Records drawn from a dataset
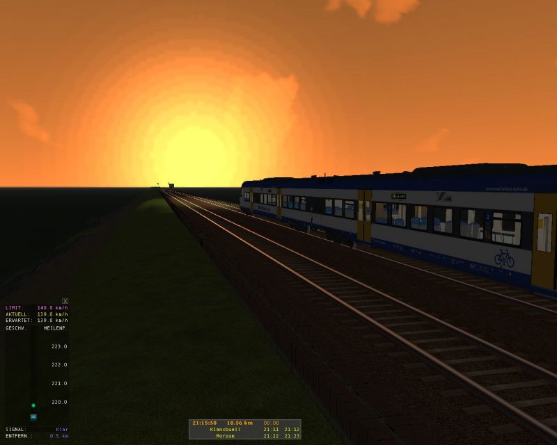 Im NOB-Steuerwagen dem Sonnenuntergang entgegen. NOB 80526 Hamburg-Altona --> Westerland (Sylt) auf dem Hindenburgdamm.
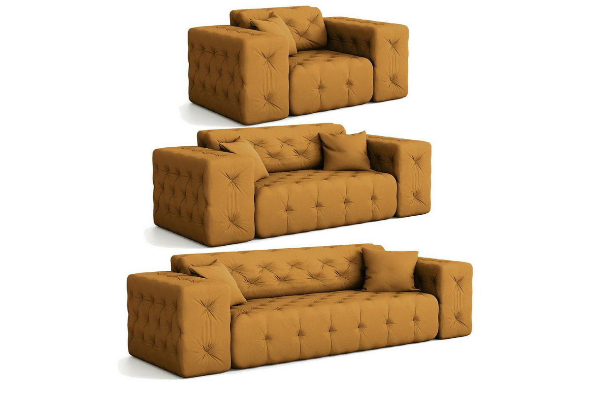 Sofaset Designersofa - CHANTAL -(Sofa 3-Sitzer + Sofa 2-Sitzer + Sessel)Mit seinem opulenten Erscheinungsbild ist unser Sofaset CHANTAL nicht zu übersehen. Dieses Sofaset verleiht jedem Raum Gemütlichkeit. Das Sofaset ist dank seiner komfortablen Polsterung an Bequemlichkeit kaum zu übertreffen und lädt zum Entspannen ein.
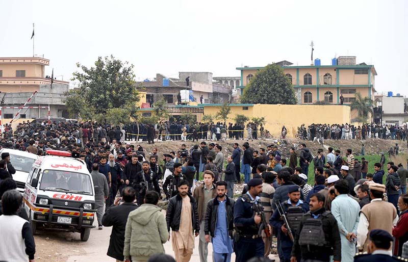 ISLAMABAD: February 06 – People and security personnel gather at the blast site after a powerful bomb blast at the gate of Tarlai Imambargah killed and injured several people in the Shehzad Town area of the federal capital. APP/ADZ/MAF/ABB
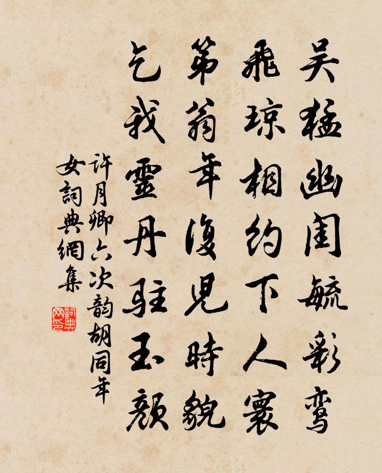 詩詞名句歷史字典書法欣賞書法字典國語詞典說文解字康熙字典古漢語字典標 題 作 者 詩 句 次韻胡同年女作者:許月卿六 朝代:宋代次韻胡同年女原文吳猛幽閨毓彩鸞,飛瓊相約下人寰。第翁年復兒時貌,乞我靈丹駐玉顏。詩詞問答問:次韻胡同年女的作者是誰?答:許月卿六問:次韻胡同年女寫於哪個朝代?答:宋代許月卿六次韻胡同年女書法欣賞次韻胡同年女書法作品詩詞推薦十二時(一曲)范祖禹〔宋代〕轉招搖。厚陵回望,雙闕起岧嶢。曉日麗譙。金爵上乾霄。風雨闋,夜宮閉,不重朝。奉鸞鑣漸遙。玉京知何處,送百丈專使釋重顯〔宋代〕大雄孤頂曾遐舉,遍索諸方誰敢拒。乳竇峰前捋虎鬚,再得完全又歸去。十山歌呈太守胡平一楊萬里〔宋代〕行人滿路喜歌呼,小盜何須辱廟謨。早個使君歸鼎軸,為禽頡利檕單于。四月八日三絕劉克莊〔宋代〕徵在生夫子,摩耶育釋迦。人人衣逢掖,個個著袈裟。聞丁永安屋下疊山甚佳趣恨未之見作詩寄之王洋〔宋代〕買山幾人真愛山,束薪煮石凋朱顏。老丁謀作久長計,洗寒疊翠房櫳間。簾通庵扉即尚戶,人映山我多煙鬟。住山江城子 為張同知壽王惲〔元代〕灤江晴漾首山前。玉為淵。秀相連。總把華英,都付使君賢。梅竹堂深歌吹動,香似霧,酒如川。列城千里聽鳴弦呂尚書輓詩二首劉子翬〔宋代〕國步多艱棘,忠誠誓翼扶。據鞍方矍鑠,罵賊已含糊。義在光惇史,人亡失壯圖。因公感家世,憤氣欲吞胡。寓懷陸游〔宋代〕脫粟未為飢,短褐未為寒;眾毀心自可,身困氣愈完。茆屋雖三間,趺坐則已寬;濁酒不滿瓢,浩歌有餘歡。祿食於玄武陂作詩曹丕〔魏晉〕兄弟共行游。驅車出西城。野田廣開闢。川渠互相經。黍稷何鬱郁。流波激悲聲。菱芡覆綠水。芙蓉發丹榮。柳垂平生張耒〔宋代〕平生壯節終難變,投老浮名信所遭。要路爭先寧遽福,從來率野屈吾曹。游王壽山蔡蒙古〔宋代〕王壽山頭石徑斜,不知何處有仙家。煙霞踏遍芒鞋破,一路春鳩啼落花。瀟湘神黃公紹〔宋代〕賀靈灶。賀靈灶。幾年翠舞與珠歌。看到日斜猶未足,涌金門外涌金波。舞曲歌辭。白紵歌二首王建〔唐代〕天河漫漫北斗粲,宮中烏啼知夜半。新縫白紵舞衣成,來遲邀得吳王迎。低鬟轉面掩雙袖,玉釵浮動秋風生。酒多宣妙墳院古柏衛宗武〔宋代〕古來喬木產墓宅,新甫之儔匪凡質。風梳雨沐三百年,聳壑昂霄過千尺。孤標屹立獨擎天,繁柯偏重常傾日。蒼皮過南昌以病不入城縱望偶題趙蕃〔宋代〕滕王閣上退之碑,徐孺祠中魯直詩。往客欠游常系夢,今行緣病復愆期。霜雕南浦短長柳,雲掩西山濃澹姿。落照次韻張太博得余所遺二程先生集辯二程戲邵子魏了翁〔宋代〕文字未科斗,圖書未龜龍。粲然天地間,此理觸處逢。是謂象這祖,而為數之宗。吳犧古神聖,先得人所同。文因【雙調】清江引_春思黃鶯亂張可久〔元代〕春思黃鶯亂啼門外柳,雨細清明後。能消幾日春,又是相思瘦,梨花小窗人病酒。交翠亭梅花自開鶴自舞,隔斷蓬汀沙王安石〔宋代〕汀沙雪漫水溶溶,睡鴨殘蘆晻靄中。歸去北人多憶此,每家圖畫有屏風。玉照堂觀梅二十首張鎡〔宋代〕群芳非是乏新寄,或在繁時或嫩時。唯有南枝香共色,從初到底絕瑕疵。感遇之廿三陳子昂〔唐代〕翡翠巢南海。雄雌珠樹林。何知美人意。驕愛比黃金。殺身炎州里。委羽玉堂陰。旖旎光首飾。葳蕤爛錦衾。豈不名句推薦胭脂洗出秋階影,冰雪招來露砌魂。曹雪芹《薛寶釵詠白海棠》 蘭陵美酒鬱金香,玉碗盛來琥珀光。李白《客中行 / 客中作》 人善被人欺,馬善被人騎。佚名《增廣賢文·上集》 武公不但歌淇澳,賢女猶能唁衛侯。姜塘《摘星樓九日登臨》 耿斜河、疏星淡月,斷雲微度。張元乾《賀新郎·送胡邦衡待制赴新州》 惱他香閣濃睡,撩亂有啼鶯。晏殊《訴衷情·東風楊柳欲青青》 雙飛燕子幾時回?夾岸桃花蘸水開。徐俯《春遊湖》 月出於東山之上,徘徊於鬥牛之間。蘇軾《前赤壁賦》 亭皋木葉下,隴首秋雲飛柳惲《搗衣詩》 驚鳥去無際,寒蛩鳴我傍。馬戴《楚江懷古三首》
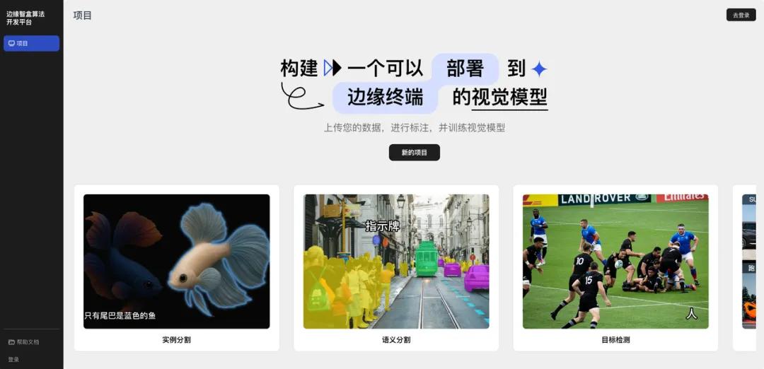 平台支持多种视觉任务,例如图片与视频的分类、检测,以及图像分割、语义分割等,并可以灵活选配不同参数和类别的模型。在自研边缘终端的基础上,平台可适配市场主流终端设备,解决数据、模型、部署终端割裂的问题,真正实现端到端的项目开发场景闭环。

TO DO ▸
All records should be output exactly, with the pictures left out.

EXERCISE ANSWER ▸
 Im NOB-Steuerwagen dem Sonnenuntergang entgegen. NOB 80526 Hamburg-Altona --> Westerland (Sylt) auf dem Hindenburgdamm.
 Sofaset Designersofa - CHANTAL -(Sofa 3-Sitzer + Sofa 2-Sitzer + Sessel)Mit seinem opulenten Erscheinungsbild ist unser Sofaset CHANTAL nicht zu übersehen. Dieses Sofaset verleiht jedem Raum Gemütlichkeit. Das Sofaset ist dank seiner komfortablen Polsterung an Bequemlichkeit kaum zu übertreffen und lädt zum Entspannen ein.
 ISLAMABAD: February 06 – People and security personnel gather at the blast site after a powerful bomb blast at the gate of Tarlai Imambargah killed and injured several people in the Shehzad Town area of the federal capital. APP/ADZ/MAF/ABB
 詩詞名句歷史字典書法欣賞書法字典國語詞典說文解字康熙字典古漢語字典標 題 作 者 詩 句 次韻胡同年女作者:許月卿六 朝代:宋代次韻胡同年女原文吳猛幽閨毓彩鸞,飛瓊相約下人寰。第翁年復兒時貌,乞我靈丹駐玉顏。詩詞問答問:次韻胡同年女的作者是誰?答:許月卿六問:次韻胡同年女寫於哪個朝代?答:宋代許月卿六次韻胡同年女書法欣賞次韻胡同年女書法作品詩詞推薦十二時(一曲)范祖禹〔宋代〕轉招搖。厚陵回望,雙闕起岧嶢。曉日麗譙。金爵上乾霄。風雨闋,夜宮閉,不重朝。奉鸞鑣漸遙。玉京知何處,送百丈專使釋重顯〔宋代〕大雄孤頂曾遐舉,遍索諸方誰敢拒。乳竇峰前捋虎鬚,再得完全又歸去。十山歌呈太守胡平一楊萬里〔宋代〕行人滿路喜歌呼,小盜何須辱廟謨。早個使君歸鼎軸,為禽頡利檕單于。四月八日三絕劉克莊〔宋代〕徵在生夫子,摩耶育釋迦。人人衣逢掖,個個著袈裟。聞丁永安屋下疊山甚佳趣恨未之見作詩寄之王洋〔宋代〕買山幾人真愛山,束薪煮石凋朱顏。老丁謀作久長計,洗寒疊翠房櫳間。簾通庵扉即尚戶,人映山我多煙鬟。住山江城子 為張同知壽王惲〔元代〕灤江晴漾首山前。玉為淵。秀相連。總把華英,都付使君賢。梅竹堂深歌吹動,香似霧,酒如川。列城千里聽鳴弦呂尚書輓詩二首劉子翬〔宋代〕國步多艱棘,忠誠誓翼扶。據鞍方矍鑠,罵賊已含糊。義在光惇史,人亡失壯圖。因公感家世,憤氣欲吞胡。寓懷陸游〔宋代〕脫粟未為飢,短褐未為寒;眾毀心自可,身困氣愈完。茆屋雖三間,趺坐則已寬;濁酒不滿瓢,浩歌有餘歡。祿食於玄武陂作詩曹丕〔魏晉〕兄弟共行游。驅車出西城。野田廣開闢。川渠互相經。黍稷何鬱郁。流波激悲聲。菱芡覆綠水。芙蓉發丹榮。柳垂平生張耒〔宋代〕平生壯節終難變,投老浮名信所遭。要路爭先寧遽福,從來率野屈吾曹。游王壽山蔡蒙古〔宋代〕王壽山頭石徑斜,不知何處有仙家。煙霞踏遍芒鞋破,一路春鳩啼落花。瀟湘神黃公紹〔宋代〕賀靈灶。賀靈灶。幾年翠舞與珠歌。看到日斜猶未足,涌金門外涌金波。舞曲歌辭。白紵歌二首王建〔唐代〕天河漫漫北斗粲,宮中烏啼知夜半。新縫白紵舞衣成,來遲邀得吳王迎。低鬟轉面掩雙袖,玉釵浮動秋風生。酒多宣妙墳院古柏衛宗武〔宋代〕古來喬木產墓宅,新甫之儔匪凡質。風梳雨沐三百年,聳壑昂霄過千尺。孤標屹立獨擎天,繁柯偏重常傾日。蒼皮過南昌以病不入城縱望偶題趙蕃〔宋代〕滕王閣上退之碑,徐孺祠中魯直詩。往客欠游常系夢,今行緣病復愆期。霜雕南浦短長柳,雲掩西山濃澹姿。落照次韻張太博得余所遺二程先生集辯二程戲邵子魏了翁〔宋代〕文字未科斗,圖書未龜龍。粲然天地間,此理觸處逢。是謂象這祖,而為數之宗。吳犧古神聖,先得人所同。文因【雙調】清江引_春思黃鶯亂張可久〔元代〕春思黃鶯亂啼門外柳,雨細清明後。能消幾日春,又是相思瘦,梨花小窗人病酒。交翠亭梅花自開鶴自舞,隔斷蓬汀沙王安石〔宋代〕汀沙雪漫水溶溶,睡鴨殘蘆晻靄中。歸去北人多憶此,每家圖畫有屏風。玉照堂觀梅二十首張鎡〔宋代〕群芳非是乏新寄,或在繁時或嫩時。唯有南枝香共色,從初到底絕瑕疵。感遇之廿三陳子昂〔唐代〕翡翠巢南海。雄雌珠樹林。何知美人意。驕愛比黃金。殺身炎州里。委羽玉堂陰。旖旎光首飾。葳蕤爛錦衾。豈不名句推薦胭脂洗出秋階影,冰雪招來露砌魂。曹雪芹《薛寶釵詠白海棠》 蘭陵美酒鬱金香,玉碗盛來琥珀光。李白《客中行 / 客中作》 人善被人欺,馬善被人騎。佚名《增廣賢文·上集》 武公不但歌淇澳,賢女猶能唁衛侯。姜塘《摘星樓九日登臨》 耿斜河、疏星淡月,斷雲微度。張元乾《賀新郎·送胡邦衡待制赴新州》 惱他香閣濃睡,撩亂有啼鶯。晏殊《訴衷情·東風楊柳欲青青》 雙飛燕子幾時回?夾岸桃花蘸水開。徐俯《春遊湖》 月出於東山之上,徘徊於鬥牛之間。蘇軾《前赤壁賦》 亭皋木葉下,隴首秋雲飛柳惲《搗衣詩》 驚鳥去無際,寒蛩鳴我傍。馬戴《楚江懷古三首》
 平台支持多种视觉任务,例如图片与视频的分类、检测,以及图像分割、语义分割等,并可以灵活选配不同参数和类别的模型。在自研边缘终端的基础上,平台可适配市场主流终端设备,解决数据、模型、部署终端割裂的问题,真正实现端到端的项目开发场景闭环。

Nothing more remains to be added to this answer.